I wanted to share some information on what we are able to do with Librivox recordings, and give people a thread to discuss about it, if they want.

I work for Toshiba Research Europe Ltd, in a group that does research on speech synthesis ("text-to-speech", "computer voices", i.e. where the computer reads out a text). As you might know, speech synthesis has improved a lot since it was first implemented, and is now often quite good for limited domains. However, it is still a long way away from humans for tasks such as reading a book. This is why there is a lot of research interest in this field. And as speech synthesis relies heavily on data these days, data (i.e. recordings of people reading books) is very important. This is how we came across Librivox. It's great :-)

We have downloaded some recordings and processed them. We can now turn recordings into individual synthetic voices, with which new texts can be synthesized. We have not yet made any texts synthesized with these voices public. However, we would like to do so. For example, we would like to be able to get feedback from people on which synthetic voices sound best. And maybe allow people to download synthesized books. And in the future, it is theoretically possible that the company would also like to use these voices for products (although it would be very unusual to use non-studio recordings directly for this).
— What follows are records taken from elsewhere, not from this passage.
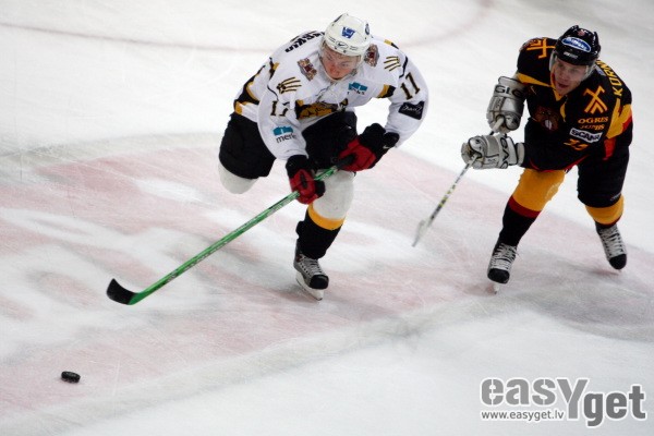 Latvijas atklātā hokeja čempionāta spēlē trešdien pagājušās sezonas finālistu cīņā "Rīga 2000" ar rezultātu 5:2 (1:1, 3:1, 1:0) pieveica "ASK/Ogre" komandu.
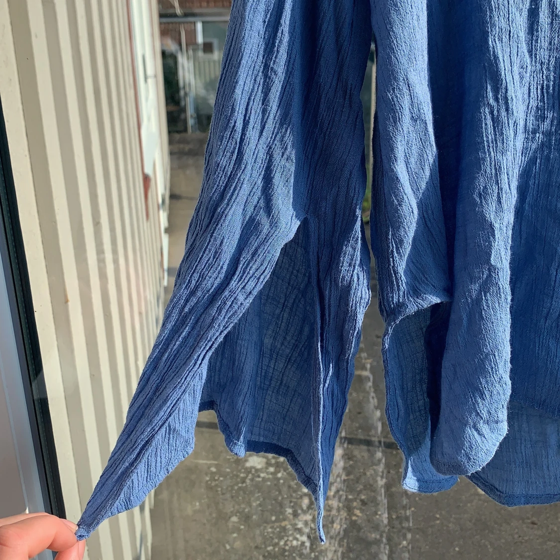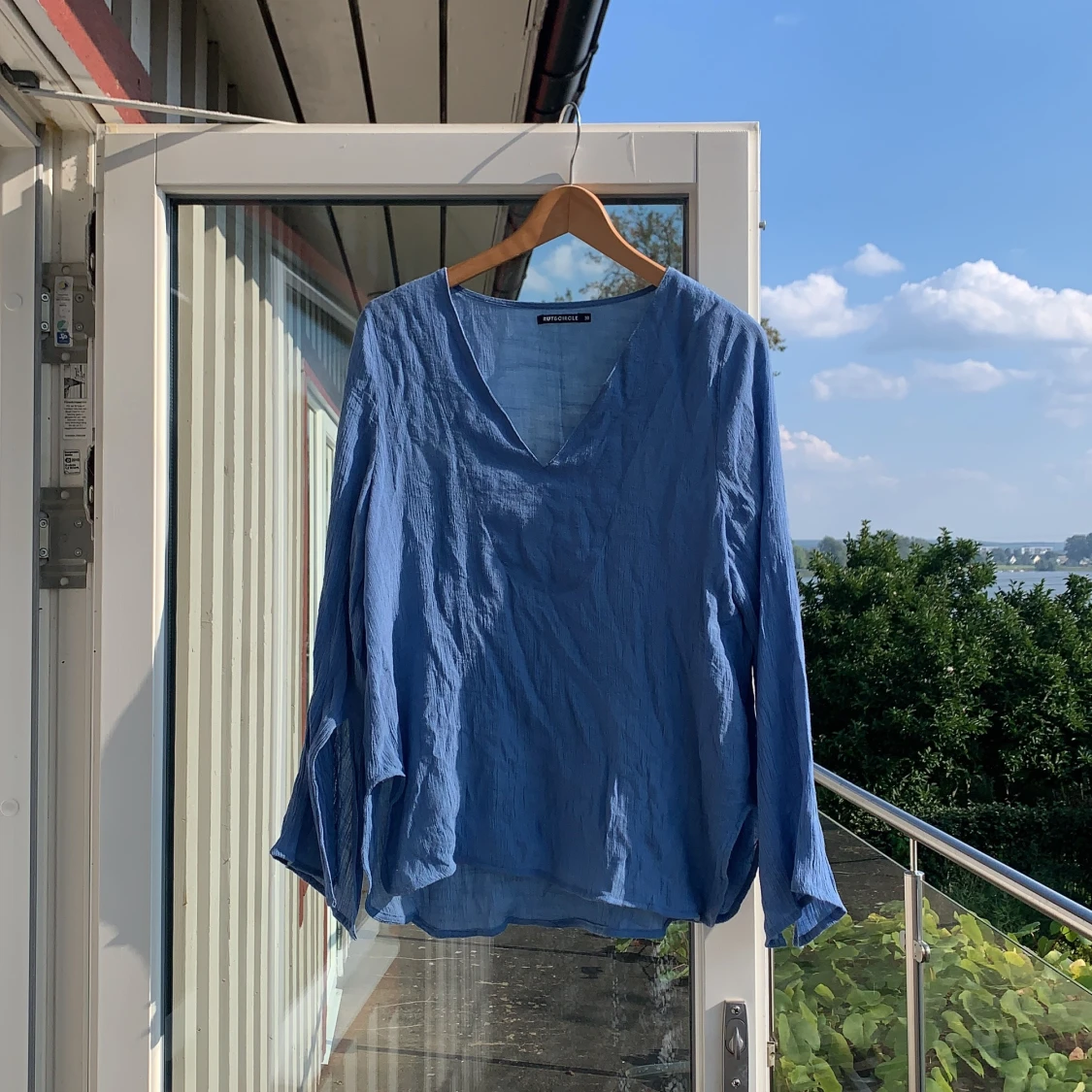 Blå blus med skärning i armen. Relativt använd men i mycket gott skick. Köparen står för frakten.
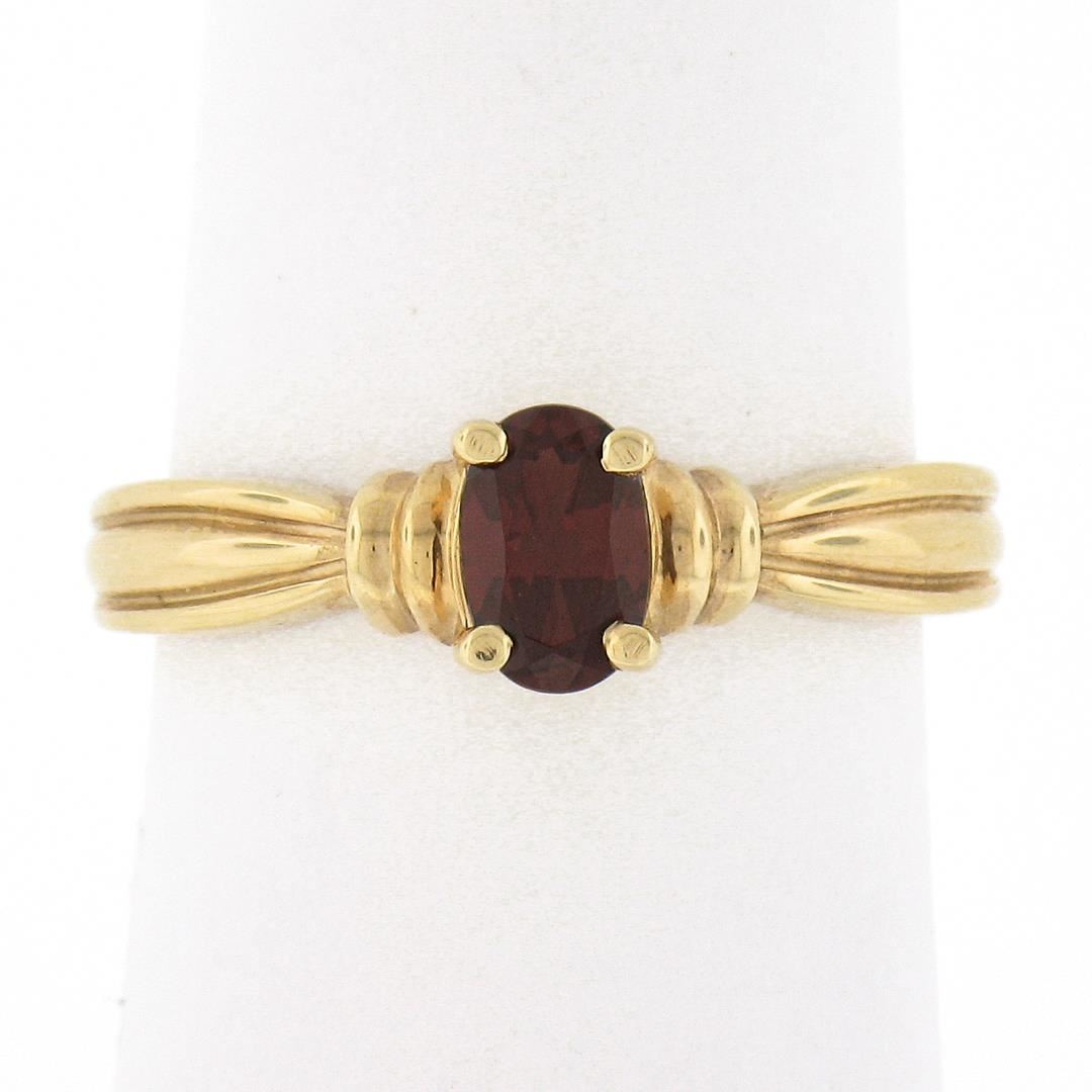 A solid 14k yellow gold solitaire ring, with 1 oval cut natural garnet (4x6mm). The ring is size 6.0, weighs a total of 2.88 grams, and measures 6mm wide.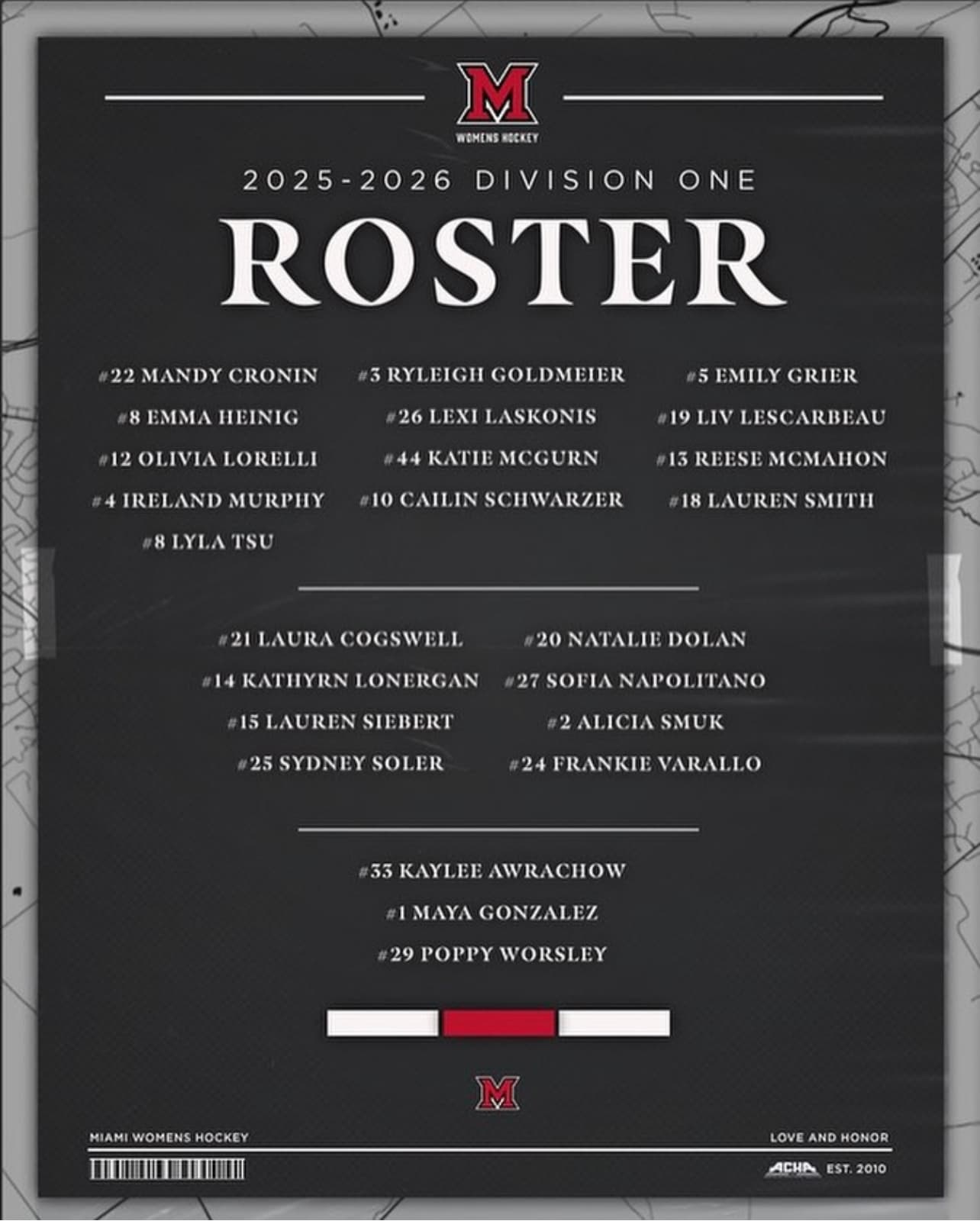 Miami sweeps the opening series of the year by winning today 4-1. First years Liv Lorelli and Ireland Murphy scored their first collegiate goals and Lauren Smith potted two more for a total of three on the weekend. Goalie Maya Gonzalez just missed her second consecutive shut-out when GVSU’s Peyton Wysocki scored mid-way through the third.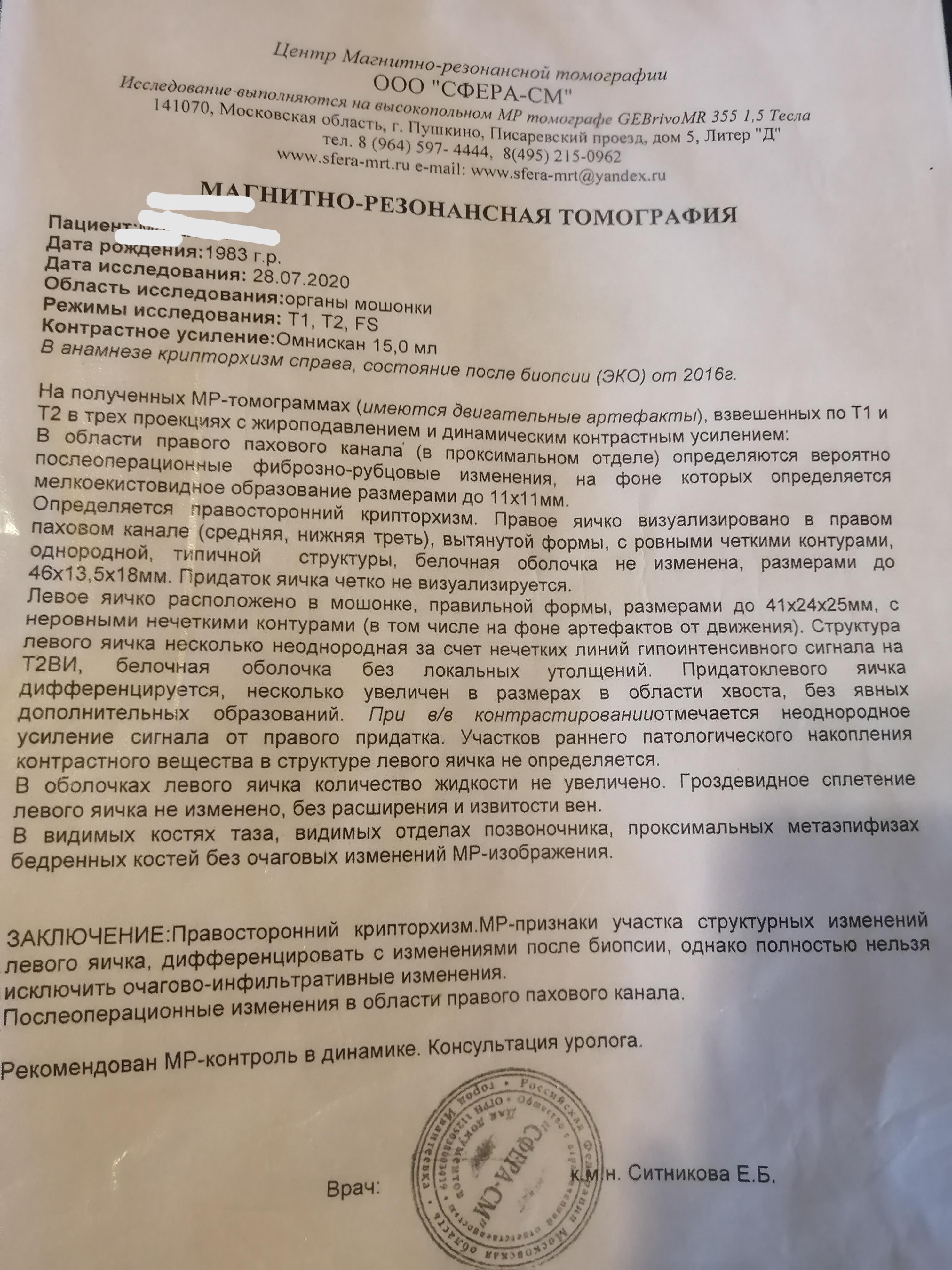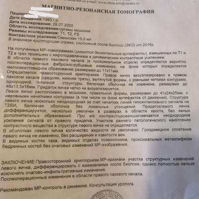 Добрый день, у мужа крипторхизм, с 2017 г азооспермия, делали операцию микро тесе для извлечения сперматозоидов для ЭКО, в 2018 г заболело яичко, пенис почти перестал стоять, сделали УЗИ, есть образование, сделали мрт, сказали наблюдать пока, зпп нет, сейчас пропала сперма, плюс ко всему частые мочеиспускания, пока принемаем тадафил для эрекции, помогает, но не прям хорошо, так же у мужа сидячая работа, что нам посоветуете, что и как лечить? Заранее спасибо
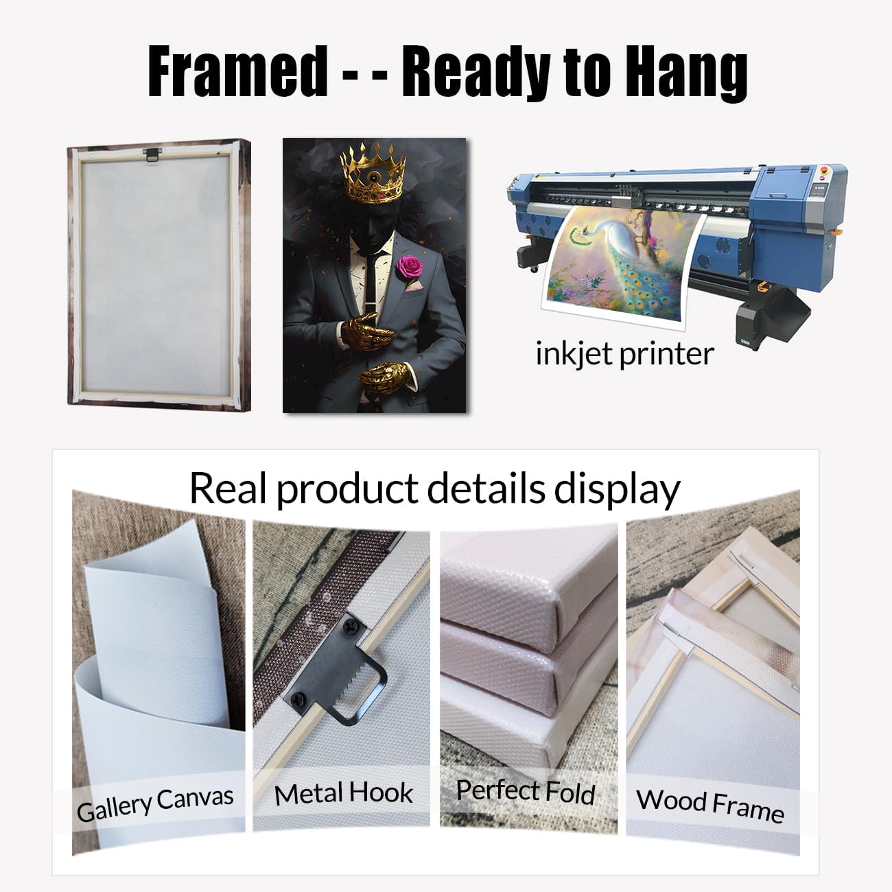 Gold Crown Framed – – Black king painting has been already stretched to solid wooden frame , the behind of panel has fixed a invisible black metal hook, ready to hang on anywhere!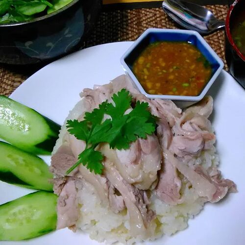 【今日の食卓】 昼食は、カオマンガイ(中国の海南鶏飯のタイ版)。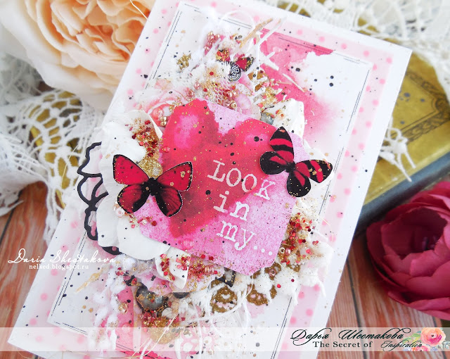 Моя открытка - валентика опять наполнена красками, эмоциями и слоями из кружева, вырубки и цветов...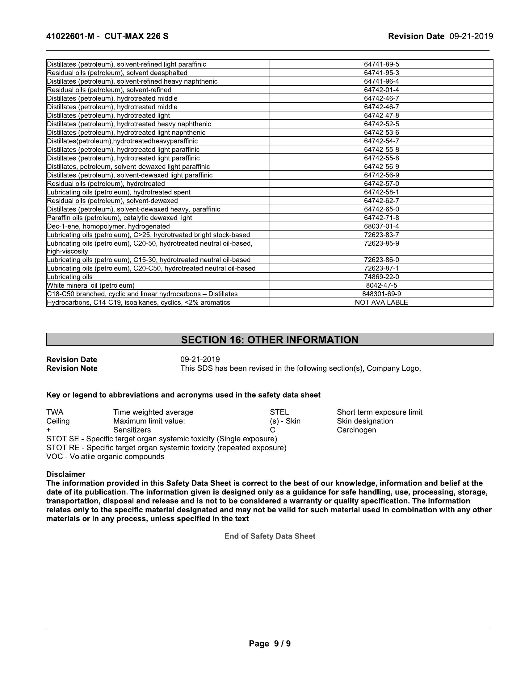 CUT-MAX® 226S is used neat, as supplied for heavy

I understand (and someone from the Librivox Admin Team has kindly confirmed this) that the public domain license also gives us the legal right to do this. However, we are planning to contact individual readers before we use the synthetic version of their voice publicly. So some of you might be getting a Private Message from me in the near future. But feel free to express your views here instead/in addition.

We know we are not the only ones using these recordings but there doesn't seem to be any previous forum discussion about this topic.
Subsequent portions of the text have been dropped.